§ Your assignment
Your reply should reproduce each entry exactly and contain no pictures.

§ Entries provided
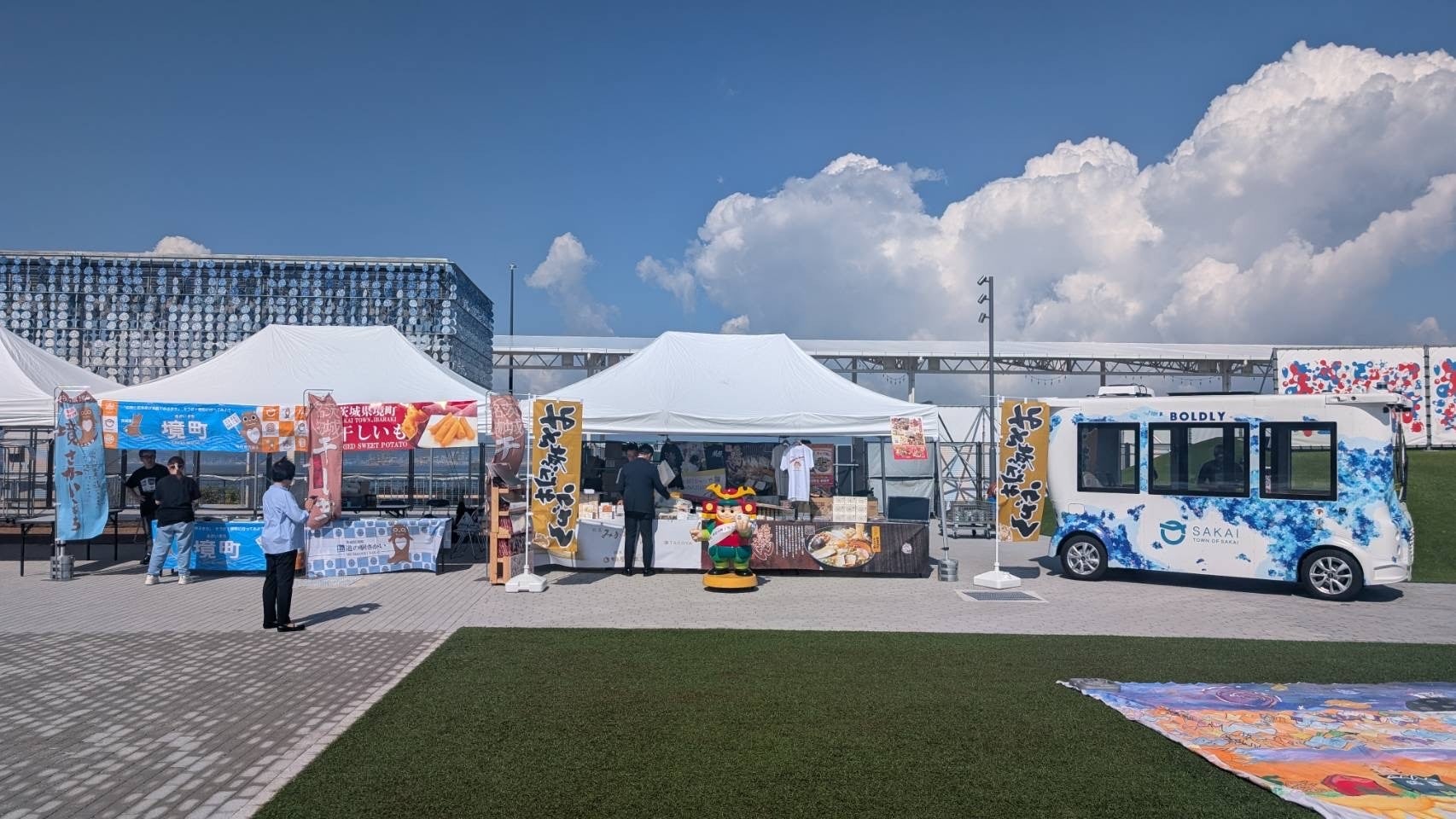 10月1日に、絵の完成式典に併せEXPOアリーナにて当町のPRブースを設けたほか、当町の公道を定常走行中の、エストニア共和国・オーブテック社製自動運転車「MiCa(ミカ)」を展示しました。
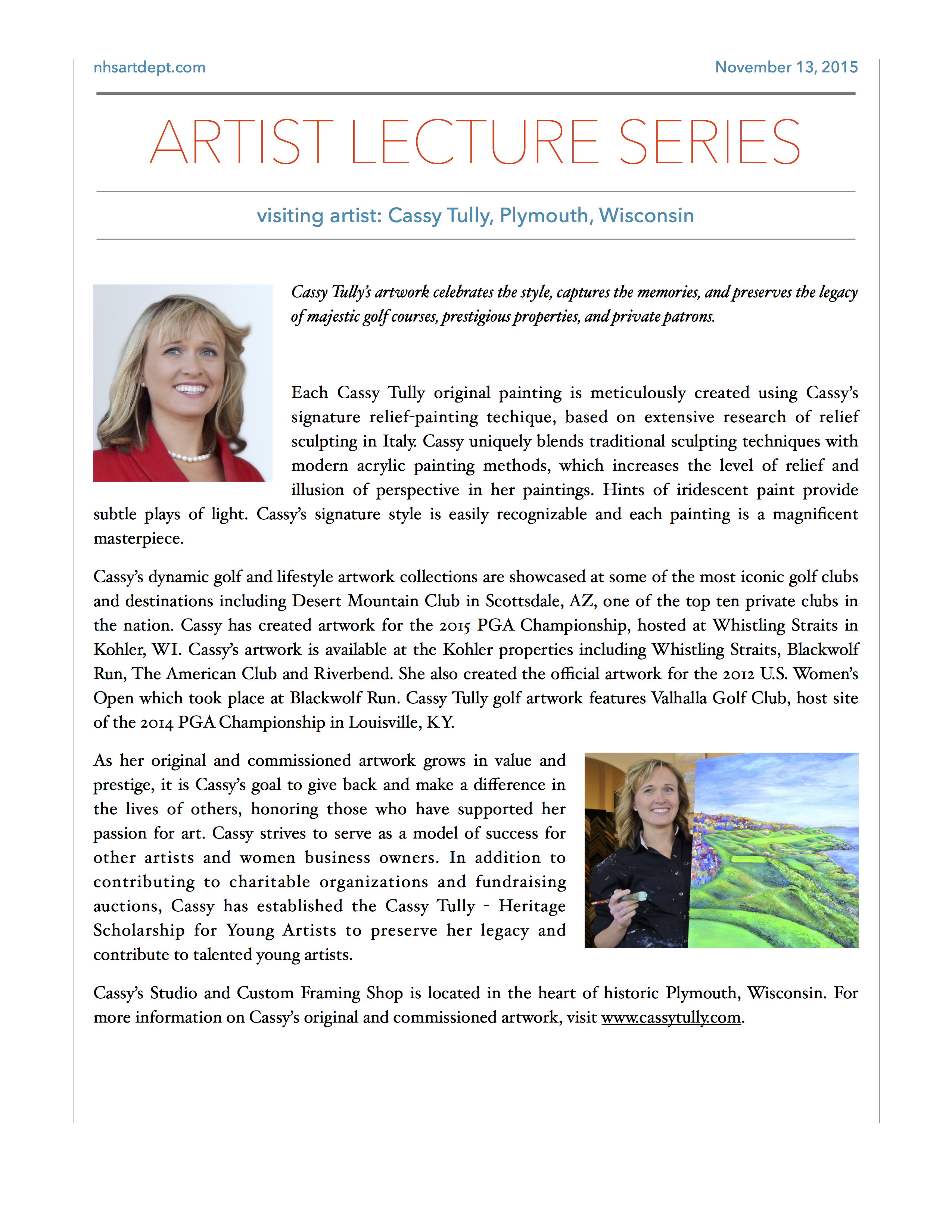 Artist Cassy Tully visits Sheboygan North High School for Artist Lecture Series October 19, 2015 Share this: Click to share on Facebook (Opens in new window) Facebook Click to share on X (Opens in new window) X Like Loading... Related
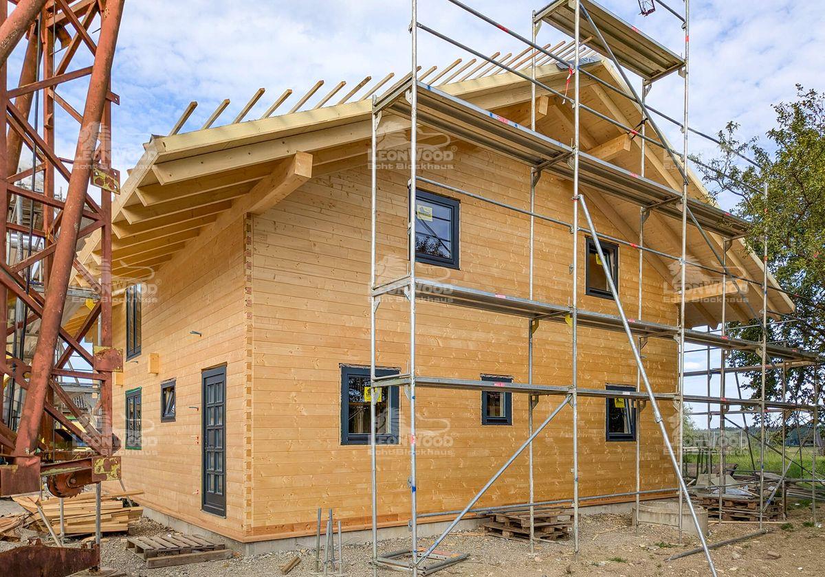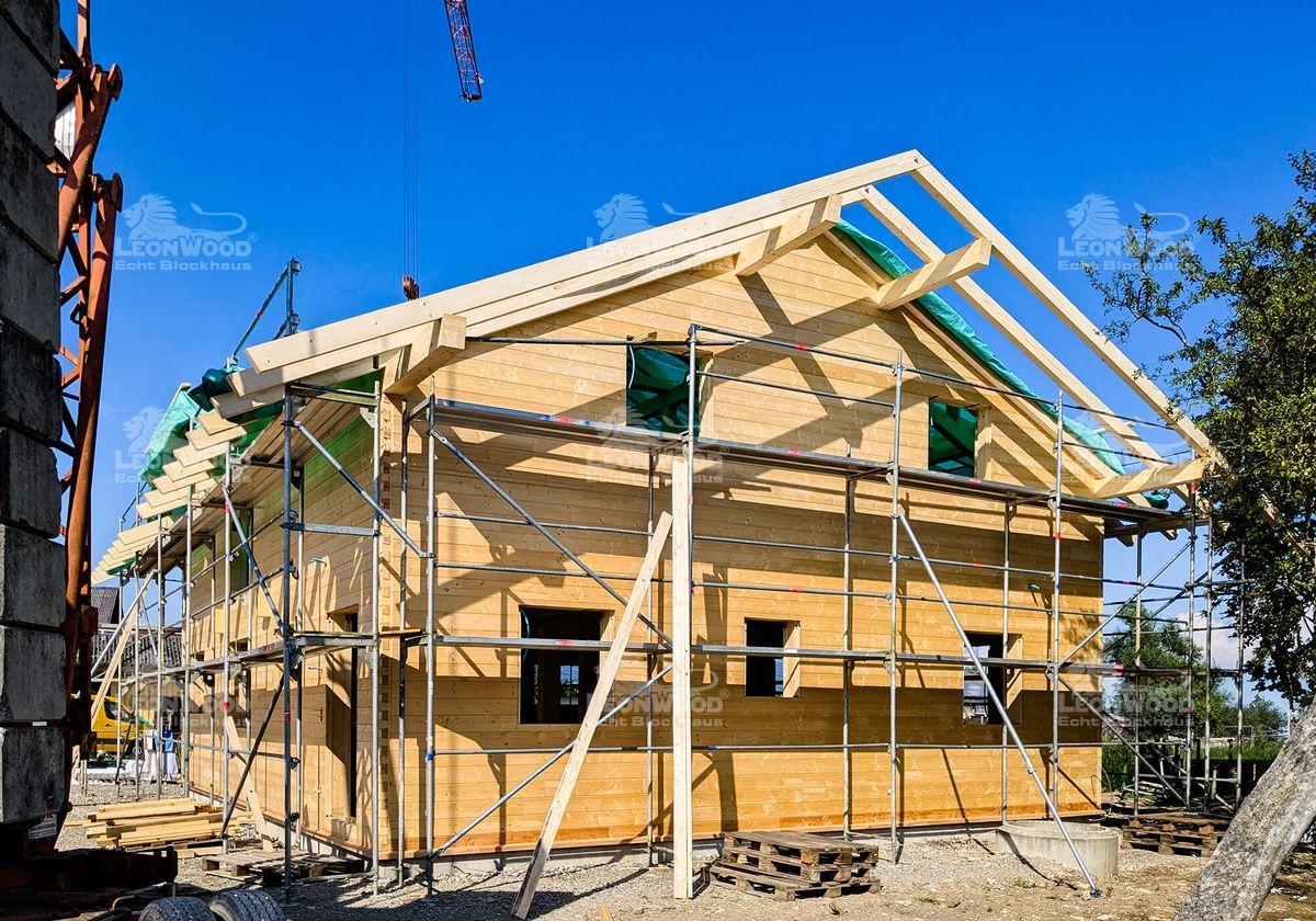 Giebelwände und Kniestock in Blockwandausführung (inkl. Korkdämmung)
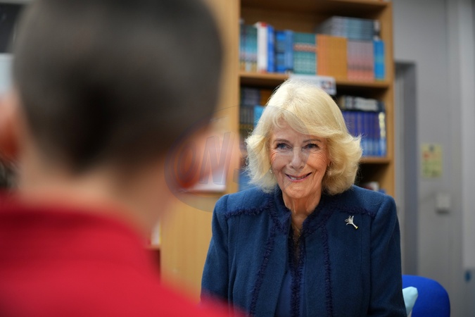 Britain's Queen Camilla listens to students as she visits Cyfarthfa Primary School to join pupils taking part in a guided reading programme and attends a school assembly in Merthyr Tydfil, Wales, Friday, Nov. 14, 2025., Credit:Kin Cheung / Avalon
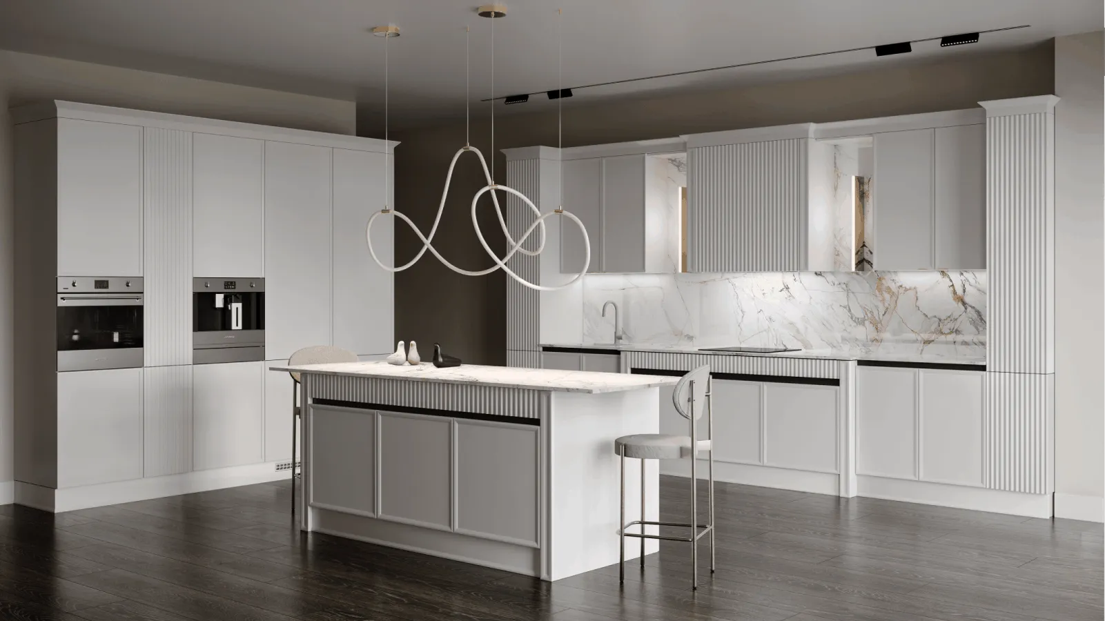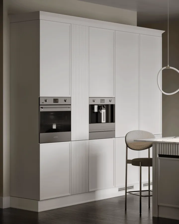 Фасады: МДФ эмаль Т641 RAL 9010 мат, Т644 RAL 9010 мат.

§ Worked solution
 10月1日に、絵の完成式典に併せEXPOアリーナにて当町のPRブースを設けたほか、当町の公道を定常走行中の、エストニア共和国・オーブテック社製自動運転車「MiCa(ミカ)」を展示しました。
 Artist Cassy Tully visits Sheboygan North High School for Artist Lecture Series October 19, 2015 Share this: Click to share on Facebook (Opens in new window) Facebook Click to share on X (Opens in new window) X Like Loading... Related
 Giebelwände und Kniestock in Blockwandausführung (inkl. Korkdämmung)
 Britain's Queen Camilla listens to students as she visits Cyfarthfa Primary School to join pupils taking part in a guided reading programme and attends a school assembly in Merthyr Tydfil, Wales, Friday, Nov. 14, 2025., Credit:Kin Cheung / Avalon
 Фасады: МДФ эмаль Т641 RAL 9010 мат, Т644 RAL 9010 мат.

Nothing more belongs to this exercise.